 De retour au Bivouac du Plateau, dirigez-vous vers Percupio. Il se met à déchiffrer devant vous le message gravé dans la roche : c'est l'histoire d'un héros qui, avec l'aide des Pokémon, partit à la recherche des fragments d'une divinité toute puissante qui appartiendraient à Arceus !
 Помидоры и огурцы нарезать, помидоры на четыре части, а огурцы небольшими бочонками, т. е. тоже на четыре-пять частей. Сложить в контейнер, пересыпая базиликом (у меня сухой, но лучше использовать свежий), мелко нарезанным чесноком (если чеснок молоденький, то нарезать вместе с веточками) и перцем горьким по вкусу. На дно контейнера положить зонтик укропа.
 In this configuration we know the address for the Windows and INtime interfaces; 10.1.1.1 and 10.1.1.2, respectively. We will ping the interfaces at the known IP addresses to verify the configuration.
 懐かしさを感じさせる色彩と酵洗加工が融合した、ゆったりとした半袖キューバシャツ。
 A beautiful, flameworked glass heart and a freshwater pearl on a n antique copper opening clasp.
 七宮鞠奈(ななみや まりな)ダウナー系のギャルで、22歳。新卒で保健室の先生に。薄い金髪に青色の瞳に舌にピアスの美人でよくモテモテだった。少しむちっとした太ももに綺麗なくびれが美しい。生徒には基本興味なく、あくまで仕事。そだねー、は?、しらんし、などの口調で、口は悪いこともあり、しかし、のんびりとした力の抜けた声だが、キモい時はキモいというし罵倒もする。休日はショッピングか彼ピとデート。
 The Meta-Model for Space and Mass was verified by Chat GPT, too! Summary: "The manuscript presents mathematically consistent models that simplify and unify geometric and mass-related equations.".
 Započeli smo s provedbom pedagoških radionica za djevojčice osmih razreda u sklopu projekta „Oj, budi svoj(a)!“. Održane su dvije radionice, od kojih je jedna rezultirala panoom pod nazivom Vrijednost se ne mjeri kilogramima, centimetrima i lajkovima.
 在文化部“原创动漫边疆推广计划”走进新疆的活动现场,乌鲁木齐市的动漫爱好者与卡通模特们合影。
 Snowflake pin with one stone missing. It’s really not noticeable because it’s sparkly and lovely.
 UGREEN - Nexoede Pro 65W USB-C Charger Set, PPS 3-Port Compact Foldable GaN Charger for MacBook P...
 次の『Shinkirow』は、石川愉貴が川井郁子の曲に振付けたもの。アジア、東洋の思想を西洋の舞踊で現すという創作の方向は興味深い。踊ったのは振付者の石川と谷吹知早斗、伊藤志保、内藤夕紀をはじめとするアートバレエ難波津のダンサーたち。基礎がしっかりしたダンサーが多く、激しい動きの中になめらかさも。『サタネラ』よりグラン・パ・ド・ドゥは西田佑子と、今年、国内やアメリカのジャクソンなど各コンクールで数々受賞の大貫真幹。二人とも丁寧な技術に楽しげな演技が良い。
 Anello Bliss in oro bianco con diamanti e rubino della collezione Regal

..............................

What to produce: A complete, exact repeat of the records is the required answer.

Answer section:
 De retour au Bivouac du Plateau, dirigez-vous vers Percupio. Il se met à déchiffrer devant vous le message gravé dans la roche : c'est l'histoire d'un héros qui, avec l'aide des Pokémon, partit à la recherche des fragments d'une divinité toute puissante qui appartiendraient à Arceus !
 Помидоры и огурцы нарезать, помидоры на четыре части, а огурцы небольшими бочонками, т. е. тоже на четыре-пять частей. Сложить в контейнер, пересыпая базиликом (у меня сухой, но лучше использовать свежий), мелко нарезанным чесноком (если чеснок молоденький, то нарезать вместе с веточками) и перцем горьким по вкусу. На дно контейнера положить зонтик укропа.
 In this configuration we know the address for the Windows and INtime interfaces; 10.1.1.1 and 10.1.1.2, respectively. We will ping the interfaces at the known IP addresses to verify the configuration.
 懐かしさを感じさせる色彩と酵洗加工が融合した、ゆったりとした半袖キューバシャツ。
 A beautiful, flameworked glass heart and a freshwater pearl on a n antique copper opening clasp.
 七宮鞠奈(ななみや まりな)ダウナー系のギャルで、22歳。新卒で保健室の先生に。薄い金髪に青色の瞳に舌にピアスの美人でよくモテモテだった。少しむちっとした太ももに綺麗なくびれが美しい。生徒には基本興味なく、あくまで仕事。そだねー、は?、しらんし、などの口調で、口は悪いこともあり、しかし、のんびりとした力の抜けた声だが、キモい時はキモいというし罵倒もする。休日はショッピングか彼ピとデート。
 The Meta-Model for Space and Mass was verified by Chat GPT, too! Summary: "The manuscript presents mathematically consistent models that simplify and unify geometric and mass-related equations.".
 Započeli smo s provedbom pedagoških radionica za djevojčice osmih razreda u sklopu projekta „Oj, budi svoj(a)!“. Održane su dvije radionice, od kojih je jedna rezultirala panoom pod nazivom Vrijednost se ne mjeri kilogramima, centimetrima i lajkovima.
 在文化部“原创动漫边疆推广计划”走进新疆的活动现场,乌鲁木齐市的动漫爱好者与卡通模特们合影。
 Snowflake pin with one stone missing. It’s really not noticeable because it’s sparkly and lovely.
 UGREEN - Nexoede Pro 65W USB-C Charger Set, PPS 3-Port Compact Foldable GaN Charger for MacBook P...
 次の『Shinkirow』は、石川愉貴が川井郁子の曲に振付けたもの。アジア、東洋の思想を西洋の舞踊で現すという創作の方向は興味深い。踊ったのは振付者の石川と谷吹知早斗、伊藤志保、内藤夕紀をはじめとするアートバレエ難波津のダンサーたち。基礎がしっかりしたダンサーが多く、激しい動きの中になめらかさも。『サタネラ』よりグラン・パ・ド・ドゥは西田佑子と、今年、国内やアメリカのジャクソンなど各コンクールで数々受賞の大貫真幹。二人とも丁寧な技術に楽しげな演技が良い。
 Anello Bliss in oro bianco con diamanti e rubino della collezione Regal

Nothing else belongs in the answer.